Pakistan has cautioned the United States that lasting peace and stability in South Asia will remain elusive as long as India continues to deny the people of Held Kashmir their right to self-determination, according to a press release issued by the Pakistani embassy in Washington.
Pakistan’s Ambassador to United States Asad M Khan met Senator Mitt Romney, a key US lawmaker, on Capitol Hill in Washington and briefed him on the regional situation in the backdrop of recent tensions between Pakistan and India.
Khan told Senator Romney, a Republican who was a presidential candidate in the 2012 elections, that the ‘restraint and maturity’ shown by Pakistan’s leadership, especially Prime Minister Imran Khan’s decision to release the pilot of a downed Indian war plane, had been critical to de-escalating the situation between the two countries.
Romney chairs the US Senate Foreign Relations Subcommittee on South Asia. He also serves on the Senate Homeland Security and Governmental Affairs Committee as well as the Senate Health, Education, Labour and Pensions and the Senate Small Business and Entrepreneurship Committees.
Khan reiterated Pakistan’s desire to resolve the core regional dispute through dialogue.
He also thanked US President Donald Trump for playing a part in de-escalating the situation, and said Islamabad desires a long-term broad-based partnership with the US which has historically been a factor for stability in South Asia.

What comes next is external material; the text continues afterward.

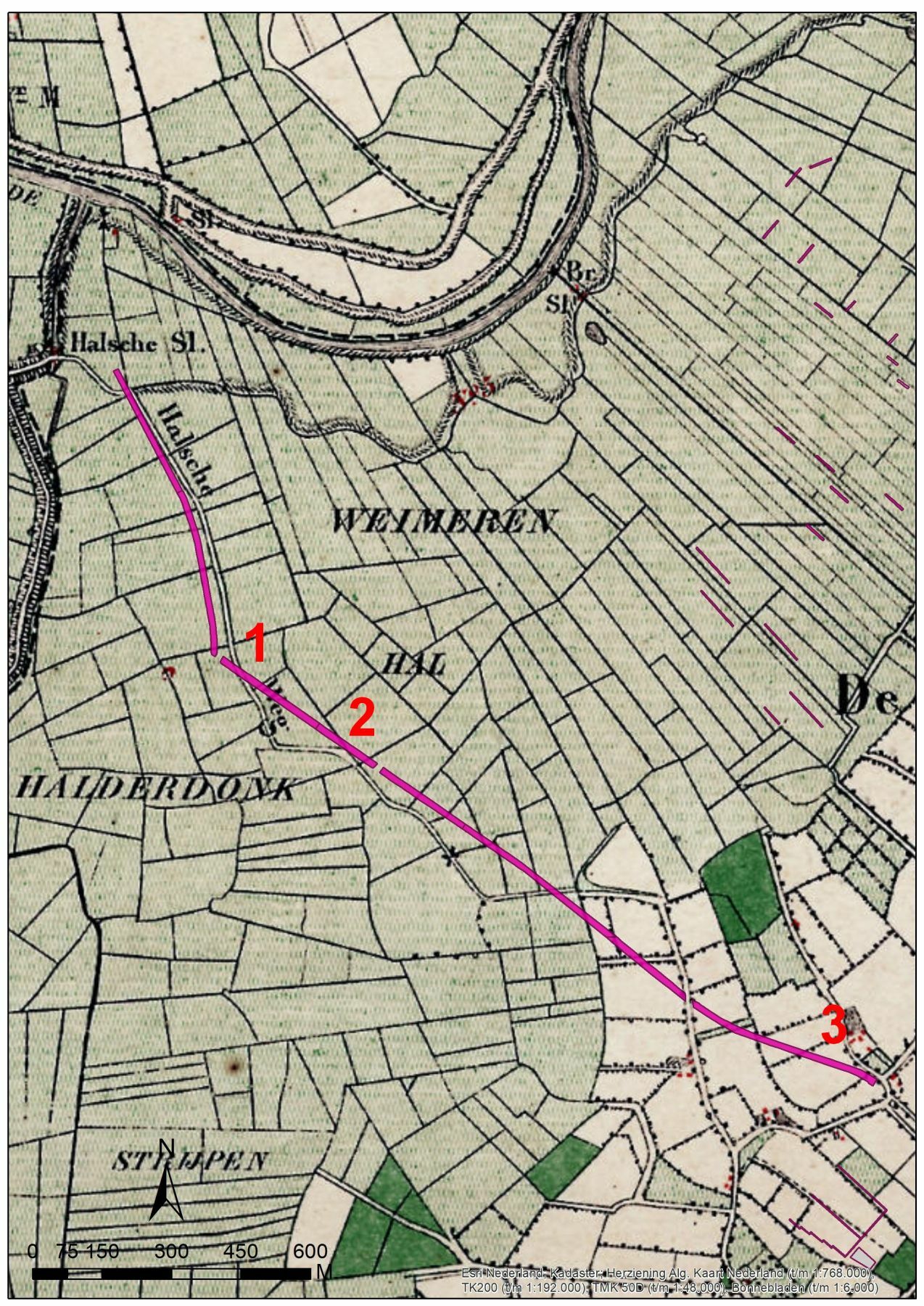Twee vindplaatsen liggen ter hoogte van de Halseweg op twee donken met daartussen veen. De derde vindplaats ligt ter hoogte van de Overveldseweg. Op de topografische kaart van 1870 zijn deze vindplaatsen aangegeven.

“As a victim of blowback from nearly 40 years of instability and violence in Afghanistan, Pakistan has long held that there is no military solution to the conflict. Pakistan is, therefore, committed to facilitating the Afghan peace process, which is ultimately the shared responsibility of all stakeholders in the region,” the ambassador said, while stressing Islamabad’s resolve to work with the US to bring peace in Afghanistan.
Romney affirmed that sustained engagement between Islamabad and Washington is critical to the regional stability.
He thanked Ambassador Khan for briefing him about the recent situation and underlined the need of undisrupted contacts between Pakistan and the United States.
Published in Daily Times, March 9th 2019.